A special meeting of the Gibraltar Town Board on Feb. 11 opened with Fire Chief Caleb Whitney announcing his resignation.
“It is not because of politics, because of lack of support, it is simply a function of the economic life that I face,” said Whitney, explaining that he and his wife recently bought a second business. “I just can’t do what needs to be done on the day-to-day basis in terms of fire chief. I’ll still be part of the roster, still be part of the response and I very much want to be.”
The resignation is just one in the string of challenges the Town of Gibraltar is facing when it comes to public safety. The volunteers on Gibraltar’s Fire Department are aging, with two-thirds of the group being 40 years old and older within the next two years. Whitney has not been released back into active service after battling an Ephraim fire last year.
“It’s a young person’s sport,” said Whitney. “We’re at the crisis level in terms of emergency response so the only option we have is consolidation. You guys have always been supportive of the fire district concept. There’s no easy answers.”
In the absence of a unified fire district, where coordinated responses are required throughout all of Northern Door’s fire departments, that consolidation may happen within Gibraltar’s current net of public safety personnel. But the meeting brought forth some misunderstanding between the board and the heads of public safety.
The board recommended that Gibraltar Police Officer Andy Crowell be certified as an entry-level firefighter and emergency medical responder (EMR), but Crowell thought that three hats might complicate his duties.
“The only concern I have is you’re asking too much from one person. To be an EMR is continuous work. Once you get your certificate you’re not done,” said Crowell. “[Police] work as support for the fire department. We can’t just show up and take our uniform shirt off and put on a coat that says fire department. If we did that we would be opening up the fire department personnel to safety issues from traffic to keeping crowds back. We have a purpose as a police officer.”
As an EMR, Crowell also questioned his liability in leaving a victim he responded to in order to perform police duties around the site after another medical responder showed up.

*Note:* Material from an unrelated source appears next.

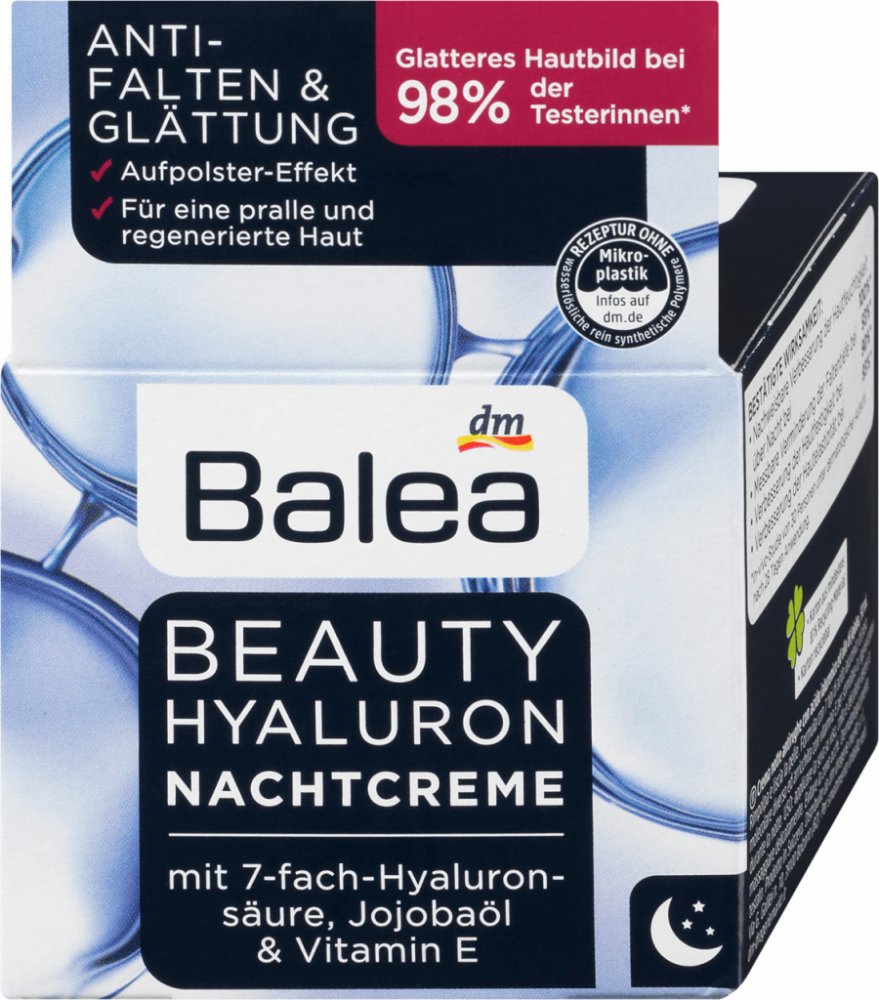 Balea Beauty Hyaluron noční krém se 7násobnou kyselinou hyaluronovou, jojobovým olejem a vitamínem E dodává pokožce intenzivní a dlouhotrvající hydrataci, účinně redukuje vrásky a vyhlazuje pleť. Aktivní složení se 7násobnou kyselinou hyaluronovou podporuje vlastní tvorbu kyseliny hyaluronové a aktivně působí zevnitř jako přirozený hydratační faktor. Pokožka vypadá plnější a hladší. Kyselina oligohyaluronová s nejmenší molekulovou hmotností působí i v hlubších vrstvách pokožky. Jojobový olej vyživuje pokožku přes noc a ráno jí dodává sametově hebký pocit. Vitamín E podporuje proces regenerace přes noc.## Receptura neobsahuje mikroplasty, ani rozpustné plně syntetické polymery.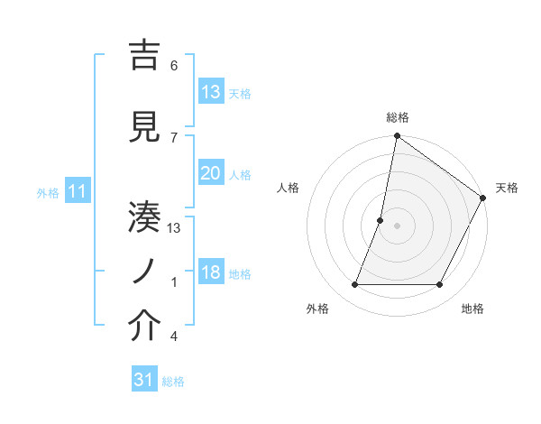 吉見 湊ノ介さんを姓名の画数から五運を鑑定

Board members insisted that they weren’t asking for Crowell to run into burning buildings, but rather qualify for basic practices such as preparing the fire truck and to have a better understanding of how the fire equipment functions when the two departments respond to calls together.
Whitney first brought forward the idea of a public safety administrator to eliminate the paper pushing that he and Crowell are required to do. They spend dozens of hours each year updating equipment, keeping track of certifications, attending town meetings and planning budgets. All that time takes away from patrolling the roads and preparing for emergency calls.
“Right now, in the police department, I’m just doing it myself,” said Crowell about the administrative duties. “But I can see this evolving as this goes forward. Within a couple years this could be its own position.”
While board member Steve Sohns suggested hiring two separate chiefs, one for fire and one for police, Whitney kept the focus on a single administrator handling both departments for the benefit of communication.
“We’re used to working together. We’re trained together. That should be a whole lot more coordinated and that’s all background work that the administrator can do.”
With Whitney resigning and Crowell also looking to move into more administrative work as he gets older, the consolidation between police and fire will come at a cost.
In a phone call after the meeting, board chair Dick Skare said the town is still exploring its options, but some type of administrative position was already budgeted for.
The board considered hiring six full-time firefighters while hopefully contracting out to surrounding communities to reduce the estimated $750,000 annual price tag, according to Whitney. But that would require coordination and cooperation with nearby municipalities, which may be difficult after discussions of a unified fire district fell flat in the past few years.
Crowell stepping into administration may also require hiring a new law enforcement officer to stay on the roads. Crowell said that he is already looking for 20 more hours per week for patrolling during the summer.
In a phone call after the meeting, board member Brian Hackbarth said that no decisions were made on new expenses or new hires moving forward. “We just expressed that we were open to the inevitability that we would incur additional costs one way or the other. Whether we hire somebody else, a neighboring community, or just within us.” By his own volition, Whitney is one of the lowest paid fire chiefs in the county, which may change if a new fire chief is hired.
Whitney hopes to have a new fire chief appointed at the town board’s March meeting, and will continue to work with the new chief during the transition period while remaining on the volunteer roster.